Export is 40% of GDP. The problem is that the figure "export" here is a gross figure. Actual net GDP contribution is much less.
When the economists estimate the net GDP contribution, they hv already included below things:
- worker income
- company earnings
- tax to government
So the articles above hv already taken your reasoning into consideration.
The real issue here is that... China's mix of export has changed a lot over last few years. It no longer relies so much on "processing trade" which give little domestic value added (eg, textile, toys). >60% of the export is now electronics/machinery goods. So for factories like Foxconn/Flextornics (mfgrs for Nokia, Dell, etc), salary doesn't contribute a big % of their cost. What really makes up most of their cost is semiconductors/parts imported from Japan/US/Europe.

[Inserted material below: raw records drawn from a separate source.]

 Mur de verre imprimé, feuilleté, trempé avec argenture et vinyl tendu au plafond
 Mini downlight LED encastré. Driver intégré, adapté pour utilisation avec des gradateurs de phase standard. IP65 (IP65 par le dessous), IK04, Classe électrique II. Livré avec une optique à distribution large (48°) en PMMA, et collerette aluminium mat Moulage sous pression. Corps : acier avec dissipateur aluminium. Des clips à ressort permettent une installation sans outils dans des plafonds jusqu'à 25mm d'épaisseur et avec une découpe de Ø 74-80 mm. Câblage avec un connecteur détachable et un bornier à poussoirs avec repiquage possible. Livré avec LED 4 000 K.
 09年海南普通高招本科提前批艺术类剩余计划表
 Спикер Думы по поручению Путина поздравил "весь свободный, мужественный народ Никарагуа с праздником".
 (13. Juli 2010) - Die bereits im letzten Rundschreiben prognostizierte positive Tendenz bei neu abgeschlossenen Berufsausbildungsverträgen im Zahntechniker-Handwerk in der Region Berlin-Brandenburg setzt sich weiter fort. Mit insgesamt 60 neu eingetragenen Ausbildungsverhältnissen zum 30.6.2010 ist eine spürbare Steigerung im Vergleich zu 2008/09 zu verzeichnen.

By buying more of these parts from domestic companies, they can cut the import amt significant. As a result, it is possible that the gross GDP drops but the domestic value added actually increases as import drops even more.
So it is all about the mix of the import/export trade.

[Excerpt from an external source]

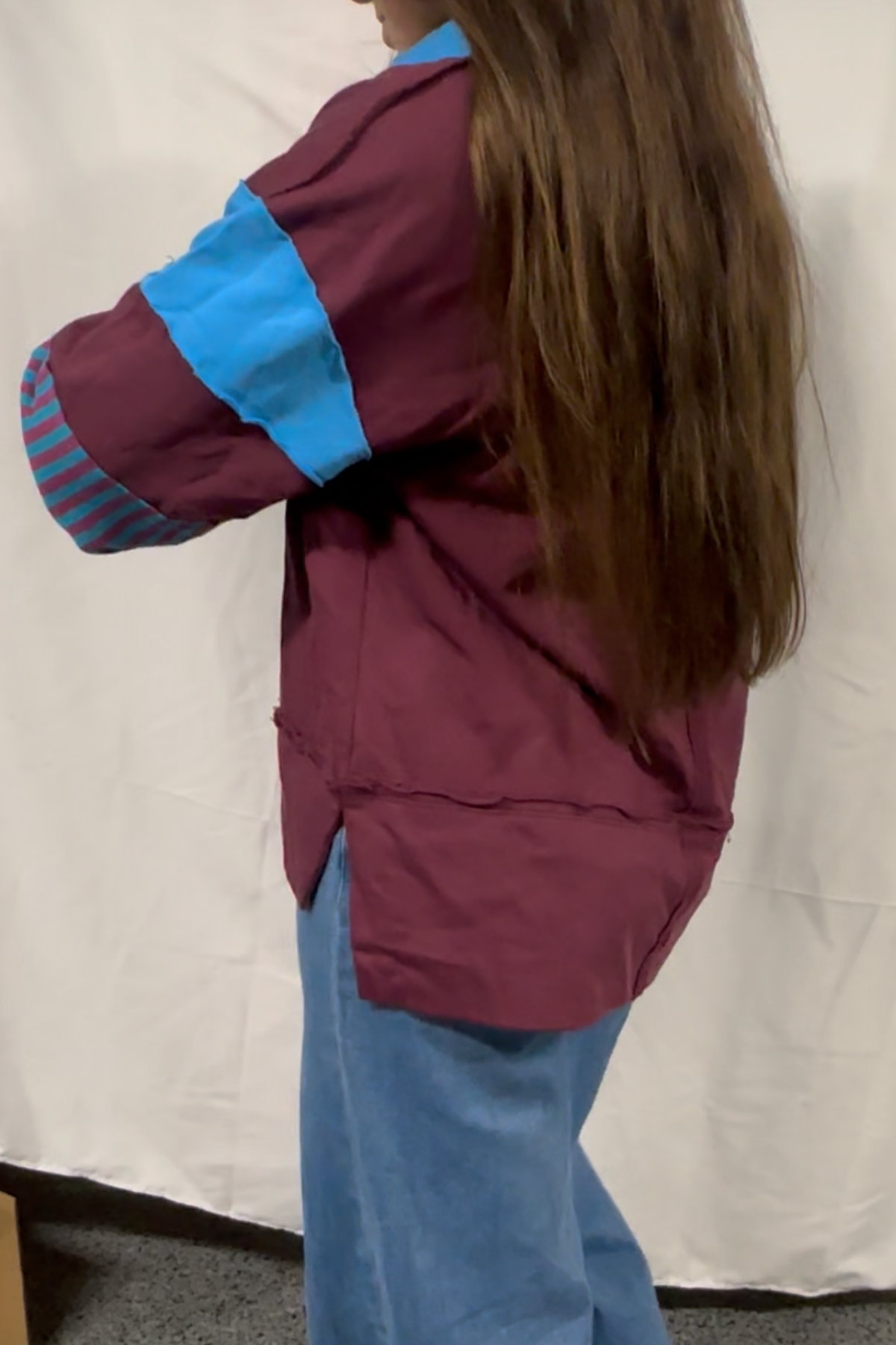 Long puff sleeves fabric mix match hi-low top, side slit, raw cut edge detail.

In these EMS, salary just accounts for 10% of their cost, semiconductors acount for >50%.
However, it is also true to say that keeping the export strong is important.... not b'coz the economy will collapse without it but rather that China real unemployment rate is extremely high. China needs these a lot of these low-pay USD150/mth shit jobs to keep the ppl busy for something.
Personally I would rather say that the major risk with China is that it is too reliant on investment (60% of GDP). These are for infrastructure and real properties. But how much value do they really contribute. It can be, first, over-built, and second, overvalued. By keeping everyone busy at building roads, homes and factories, these may give artificial growth and look good on paper value but are actually a waste of economic resources, driving inflation rate up at the same time.